Since this only happens with HDR content I wonder if this has something to do with the tone mapping, perhaps using OpenCL?
I also installed PMS without docker and upgraded all the Intel graphics/dri/drm/OCL stack from their repo to see if these versions behave differently. So far no difference.
Can you confirm if this is specific to tone mapping, or if it applies to all 10-bit HEVC content?
These errors largely look like kernel issues. This sometimes happens with very new chips; the driver support generally don’t stabilize until a bit after release. You’ll probably want to report to the upstream driver devs.
What I interpret as what Ridley means, if you turn off tone mapping in PMS, and then try transcoding, do you get the same errors, different errors, or does hw work when tone mapping is off ?
Thank you for the clarification @TeknoJunky ! It seems that when I disable the tone mapping, the HW transcode works Ok but as expected, some content looks washed out or otherwise strange.
@Ridley can you elaborate on this so I can write a bug report upstream. Is OpenCL used here?
Not quite what I meant (some 10-bit content isn’t HDR at all), but it’s an equivalent test regardless
Yes, tone mapping in Plex on Intel GPUs is done via OpenCL (i.e. the Intel Compute Runtime driver). It’s possible that you might have a Plex-specific issue in addition to whatever’s causing those kernel errors; I might be able to get a bit more information by looking over your server logs.
Dec 02, 2021 19:43:04.762 [0x7f697d648b38] ERROR - [Transcoder] [AVHWDeviceContext @ 0x7f3bcef27d40] No matching devices found.

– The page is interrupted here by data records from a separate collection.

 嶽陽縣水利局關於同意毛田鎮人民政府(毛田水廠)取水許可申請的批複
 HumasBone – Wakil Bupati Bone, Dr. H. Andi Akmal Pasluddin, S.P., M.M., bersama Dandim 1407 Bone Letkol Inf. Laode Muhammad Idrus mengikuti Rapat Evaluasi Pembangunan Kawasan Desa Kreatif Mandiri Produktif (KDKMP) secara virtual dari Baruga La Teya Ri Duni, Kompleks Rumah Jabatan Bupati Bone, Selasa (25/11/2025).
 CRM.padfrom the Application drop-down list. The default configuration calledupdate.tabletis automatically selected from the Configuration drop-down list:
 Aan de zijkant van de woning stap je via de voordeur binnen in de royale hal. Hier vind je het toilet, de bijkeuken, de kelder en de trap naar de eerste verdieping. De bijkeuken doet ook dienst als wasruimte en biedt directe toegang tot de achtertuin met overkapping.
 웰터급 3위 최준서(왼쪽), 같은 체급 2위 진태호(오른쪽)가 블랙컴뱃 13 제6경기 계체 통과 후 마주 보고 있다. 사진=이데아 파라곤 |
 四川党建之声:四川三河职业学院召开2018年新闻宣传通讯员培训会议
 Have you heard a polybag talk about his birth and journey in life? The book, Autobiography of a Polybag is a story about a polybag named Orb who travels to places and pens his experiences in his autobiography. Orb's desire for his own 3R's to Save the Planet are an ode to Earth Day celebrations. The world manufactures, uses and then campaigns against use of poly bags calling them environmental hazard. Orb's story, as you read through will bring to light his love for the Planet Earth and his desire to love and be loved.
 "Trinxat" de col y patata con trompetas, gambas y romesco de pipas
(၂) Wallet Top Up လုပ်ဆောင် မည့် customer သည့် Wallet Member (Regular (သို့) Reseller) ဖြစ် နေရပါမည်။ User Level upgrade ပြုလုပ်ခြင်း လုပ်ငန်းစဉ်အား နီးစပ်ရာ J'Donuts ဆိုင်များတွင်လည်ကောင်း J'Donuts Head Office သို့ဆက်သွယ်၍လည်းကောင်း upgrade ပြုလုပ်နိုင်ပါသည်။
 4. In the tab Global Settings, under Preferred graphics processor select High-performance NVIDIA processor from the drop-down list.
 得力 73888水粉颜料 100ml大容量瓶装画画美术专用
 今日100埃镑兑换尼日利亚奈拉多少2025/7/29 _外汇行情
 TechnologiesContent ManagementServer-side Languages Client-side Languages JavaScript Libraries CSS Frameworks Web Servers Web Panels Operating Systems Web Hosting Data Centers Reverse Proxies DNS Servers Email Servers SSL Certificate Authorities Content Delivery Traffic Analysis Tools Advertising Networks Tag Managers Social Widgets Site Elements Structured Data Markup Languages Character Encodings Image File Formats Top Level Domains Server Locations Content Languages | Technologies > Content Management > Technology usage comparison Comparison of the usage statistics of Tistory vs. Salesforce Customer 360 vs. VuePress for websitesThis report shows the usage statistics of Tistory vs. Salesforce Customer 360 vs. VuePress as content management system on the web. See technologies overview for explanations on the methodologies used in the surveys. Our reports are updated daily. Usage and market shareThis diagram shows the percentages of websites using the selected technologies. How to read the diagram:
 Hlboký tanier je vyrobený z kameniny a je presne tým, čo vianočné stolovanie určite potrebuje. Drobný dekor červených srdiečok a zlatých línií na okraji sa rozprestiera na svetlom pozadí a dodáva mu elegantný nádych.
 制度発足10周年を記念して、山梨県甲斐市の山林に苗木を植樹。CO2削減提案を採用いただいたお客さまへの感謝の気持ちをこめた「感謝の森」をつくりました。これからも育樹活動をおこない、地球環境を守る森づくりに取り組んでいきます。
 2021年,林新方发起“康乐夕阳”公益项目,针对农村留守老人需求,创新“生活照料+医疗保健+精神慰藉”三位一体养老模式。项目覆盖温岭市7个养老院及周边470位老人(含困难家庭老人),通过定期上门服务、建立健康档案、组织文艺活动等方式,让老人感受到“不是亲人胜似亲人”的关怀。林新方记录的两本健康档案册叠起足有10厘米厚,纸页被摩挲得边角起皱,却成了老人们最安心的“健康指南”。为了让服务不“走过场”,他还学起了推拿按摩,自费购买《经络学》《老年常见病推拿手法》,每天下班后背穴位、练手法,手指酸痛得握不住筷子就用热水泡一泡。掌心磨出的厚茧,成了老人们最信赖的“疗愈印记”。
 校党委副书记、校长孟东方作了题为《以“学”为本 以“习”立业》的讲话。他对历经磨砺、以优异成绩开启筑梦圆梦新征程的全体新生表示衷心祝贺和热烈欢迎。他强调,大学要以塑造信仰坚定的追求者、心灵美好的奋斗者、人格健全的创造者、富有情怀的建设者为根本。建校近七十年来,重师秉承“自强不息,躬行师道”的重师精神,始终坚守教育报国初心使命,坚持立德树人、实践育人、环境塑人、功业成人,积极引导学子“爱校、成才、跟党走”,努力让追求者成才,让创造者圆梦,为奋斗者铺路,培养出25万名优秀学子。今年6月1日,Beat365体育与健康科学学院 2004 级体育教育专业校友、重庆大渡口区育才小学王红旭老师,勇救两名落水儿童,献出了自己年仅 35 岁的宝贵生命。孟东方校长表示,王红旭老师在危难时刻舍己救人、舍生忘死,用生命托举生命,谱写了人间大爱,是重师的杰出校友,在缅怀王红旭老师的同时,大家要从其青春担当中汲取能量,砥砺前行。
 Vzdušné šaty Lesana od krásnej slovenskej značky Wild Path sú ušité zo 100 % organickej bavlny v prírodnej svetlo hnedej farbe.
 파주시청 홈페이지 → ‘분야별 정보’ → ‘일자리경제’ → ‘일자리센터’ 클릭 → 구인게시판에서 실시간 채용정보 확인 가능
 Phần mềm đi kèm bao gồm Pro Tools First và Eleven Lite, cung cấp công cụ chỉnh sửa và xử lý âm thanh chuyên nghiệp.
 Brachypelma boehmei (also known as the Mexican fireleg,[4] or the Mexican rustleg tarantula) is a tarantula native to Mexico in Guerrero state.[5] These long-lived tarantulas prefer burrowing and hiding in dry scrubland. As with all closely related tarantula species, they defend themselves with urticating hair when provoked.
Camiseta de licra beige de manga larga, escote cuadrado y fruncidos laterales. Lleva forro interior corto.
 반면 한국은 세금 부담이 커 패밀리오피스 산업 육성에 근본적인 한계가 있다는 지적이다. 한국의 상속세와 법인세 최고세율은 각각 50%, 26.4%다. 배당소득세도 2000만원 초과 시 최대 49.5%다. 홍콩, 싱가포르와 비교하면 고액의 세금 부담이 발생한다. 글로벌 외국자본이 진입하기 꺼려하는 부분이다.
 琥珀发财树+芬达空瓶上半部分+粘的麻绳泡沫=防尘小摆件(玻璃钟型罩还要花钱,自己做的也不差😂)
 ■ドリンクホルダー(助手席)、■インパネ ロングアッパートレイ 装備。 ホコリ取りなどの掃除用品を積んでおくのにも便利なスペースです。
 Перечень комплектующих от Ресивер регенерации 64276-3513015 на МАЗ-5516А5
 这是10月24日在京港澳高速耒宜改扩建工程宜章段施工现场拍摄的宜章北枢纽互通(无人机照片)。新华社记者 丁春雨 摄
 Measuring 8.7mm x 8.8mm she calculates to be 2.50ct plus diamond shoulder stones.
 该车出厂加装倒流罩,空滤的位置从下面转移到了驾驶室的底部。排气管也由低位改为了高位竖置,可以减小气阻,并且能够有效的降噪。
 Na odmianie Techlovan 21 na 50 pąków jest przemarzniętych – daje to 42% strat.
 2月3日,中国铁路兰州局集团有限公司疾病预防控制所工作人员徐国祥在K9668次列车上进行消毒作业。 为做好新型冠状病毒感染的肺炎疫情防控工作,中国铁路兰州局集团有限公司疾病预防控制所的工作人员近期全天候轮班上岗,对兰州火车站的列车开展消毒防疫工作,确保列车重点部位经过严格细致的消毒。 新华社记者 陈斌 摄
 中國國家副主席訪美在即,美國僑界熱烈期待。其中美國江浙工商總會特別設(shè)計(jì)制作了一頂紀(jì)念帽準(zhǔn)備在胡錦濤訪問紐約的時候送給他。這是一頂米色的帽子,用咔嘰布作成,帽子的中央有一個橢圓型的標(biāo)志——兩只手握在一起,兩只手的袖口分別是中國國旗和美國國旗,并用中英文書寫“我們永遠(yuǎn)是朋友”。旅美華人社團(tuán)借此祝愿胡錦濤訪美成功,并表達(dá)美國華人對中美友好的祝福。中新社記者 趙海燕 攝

Looks like we’re failing to locate an OpenCL device corresponding to your GPU. This could be due to a CL driver issue. Try running this on the command line for some additional diagnostics:
[AVHWDeviceContext @ 0x7f01a2080ec0] 2 OpenCL platforms found.
[AVHWDeviceContext @ 0x7f01a2080ec0] platform_version does not match ("OpenCL 3.0 ").
beignet-opencl-icd: no supported GPU found, this is probably the wrong opencl-icd package for this hardware
(If you have multiple ICDs installed and OpenCL works, you can ignore this message)
[AVHWDeviceContext @ 0x7f01a2080ec0] No devices found on platform "Intel Gen OCL Driver".
[AVHWDeviceContext @ 0x7f01a2080ec0] No matching devices found.
[AVHWDeviceContext @ 0x7f01a2080ec0] 2 OpenCL platforms found.
[AVHWDeviceContext @ 0x7f01a2080ec0] 0.0: Intel(R) OpenCL HD Graphics / Intel(R) Graphics [0x4680]
[AVHWDeviceContext @ 0x7f01a2080ec0] Platform Intel Gen OCL Driver does not export the VAAPI device enumeration function.
[AVHWDeviceContext @ 0x7f01a2080ec0] Beignet DRM to OpenCL image mapping function not found (clCreateImageFromFdINTEL).
[AVHWDeviceContext @ 0x7f01a2080ec0] Beignet DRM to OpenCL mapping not usable.
[AVHWDeviceContext @ 0x7f01a2080ec0] cl_intel_va_api_media_sharing found as platform extension.
[AVHWDeviceContext @ 0x7f01a2080ec0] Intel QSV to OpenCL mapping function found (clCreateFromVA_APIMediaSurfaceINTEL).
[AVHWDeviceContext @ 0x7f01a2080ec0] Intel QSV in OpenCL acquire function found (clEnqueueAcquireVA_APIMediaSurfacesINTEL).
[AVHWDeviceContext @ 0x7f01a2080ec0] Intel QSV in OpenCL release function found (clEnqueueReleaseVA_APIMediaSurfacesINTEL).
I went off the beaten path a bit and pulled in 5.15 kernel with mixed results. I can get Plex to transcode a 4K HDR 10bit file (tone mapping enabled) but it will end up with crazy artifacts (green/white) squares across frames.
attached my full logs for running @Ridley diagnostic test (looks successful?)
@Ridley did you ever get a chance to circle back on this? I went and got an Nvidia P4 card so I can do HW stable transcoding but basically wasted buying the new 12th Gen Intel chip until this works.